Sytuacja była jednak patowa. Moje słowo przeciwko jej. Naczelniczka obiecała, że rozpatrzy sprawę i da odpowiedź na piśmie. Po paru tygodniach doczekaliśmy się jej wreszcie. Pani naczelnik nie dopatrzyła się złej woli swojej podwładnej i nakazała uiścić należny – i już zaległy – podatek.

Nie ustąpię. Nie ma mowy!

Bolało mnie, że będąc całe życie uczciwą, teraz wychodzę na kłamczuchę. Nie mogłam się z tym pogodzić, rozmyślałam o „sprawie podatkowej” dniami i nocami. Chwilami zastanawiałam się, czy to jednak możliwe, żebym nie oddała tego PIT-u. Obawiałam się, że tracę rozum. Przestałam wierzyć samej sobie. Moje zdrowie psychiczne uległo gwałtownemu pogorszeniu. Nabawiłam się stanów lękowych i depresyjnych, co z kolei odbiło się na moim zdrowiu fizycznym. Wylądowałam w szpitalu ze stanem przedzawałowym, ale paradoksalnie to tylko umacniało moją chęć walki „o swoje”.
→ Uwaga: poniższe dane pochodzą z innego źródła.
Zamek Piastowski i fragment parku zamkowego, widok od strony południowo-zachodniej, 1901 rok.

Znajomi powiadomieni o zdarzeniu podzielili się na dwa obozy. Jedni mówili: „dajcie spokój, ze skarbówką jeszcze nikt nie wygrał, szkoda zdrowia, odpuście”. Drudzy gorąco zagrzewali mnie do walki, oferując wszelaką pomoc i podpowiadając nazwiska prawników specjalizujących się w podobnych sprawach.
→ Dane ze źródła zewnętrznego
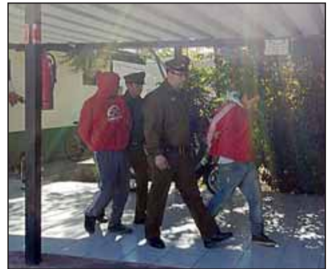
Los detenidos por Carabineros de Santa María quedaron a disposición de la Fiscalía por el delito de robo en lugar no habitado.

Las diligencias policiales continuaron hasta la Población Los Héroes de esa comuna, siendo detenida una mujer de 58 años de edad de iniciales M.R.M. , quien mantenía bandejas de carne y champiñones, siendo trasladada hasta la unidad

Mąż patrzył na mnie z troską – wiedział, ile mnie kosztuje ta cała batalia. Kiedyś nawet doszło między nami do burzliwej dyskusji.
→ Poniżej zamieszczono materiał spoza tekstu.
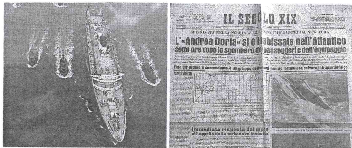
L'Andrea Doria, ammiraglia della flotta italiana. La notizia dell'affondamento del 26 luglio 1956

Ecco, il tributo di Genova alla sua ammiraglia comincia proprio da qui. Dai nomi, in particolare di quei 47 membri d'equipaggio (non facenti parte dello Stato maggiore) che si distinsero, per la commissione, con una condotta lodevole e molto buona durante il naufragio (l'elenco è nel riquadro a fianco). «I loro nomi e le motivazioni dell'inchiesta scorreranno in un video in una sezione della mostra» spiega il direttore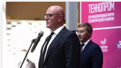
Д. Чернышенко, вице-премьер РФ.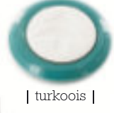
| turkoois |

100% natuurlijke geurcomposities van Biobox.

– Tereniu, nie mogę patrzeć, jak się spalasz. Twoje zdrowie jest dla mnie najważniejsze. Dla własnego dobra lepiej nie ciągnij tego dalej.

– Po moim trupie! – tupnęłam nogą.

– No właśnie. Co ci po wygranej, jak wylądujesz na cmentarzu?

Nie zrobią ze mnie oszustki! Nie zgadzam się i koniec. Nie rozumiesz, że jeśli teraz się poddamy, wyjdziemy na takich, co chcieli mataczyć, ale się przestraszyli konsekwencji i ustąpili? – cała się trzęsłam ze zdenerwowania. – Ci, którzy nam radzą, żebyśmy się poddali i zapłacili, tak naprawdę nie wierzą w naszą uczciwość, bo gdyby było inaczej, nie gadaliby takich głupot!

– Chyba źle ich oceniasz – Antek usiłował spacyfikować moje wzburzenie. – Oni podobnie jak ja martwią się o twoje zdrowie.

– Dla mnie dobre imię jest bezcenne – upierałam się. – Nie ustąpimy!

Odwołaliśmy się z mężem do województwa. W międzyczasie szukałam w internecie podobnych zdarzeń. Ludzi, którzy podobnie jak ja padli ofiarą nieuczciwych urzędników. I okazało się – co nie przysparza naszym urzędom chwały – że zatrważająco wiele osób potraktowano w ten arogancki, bezduszny sposób.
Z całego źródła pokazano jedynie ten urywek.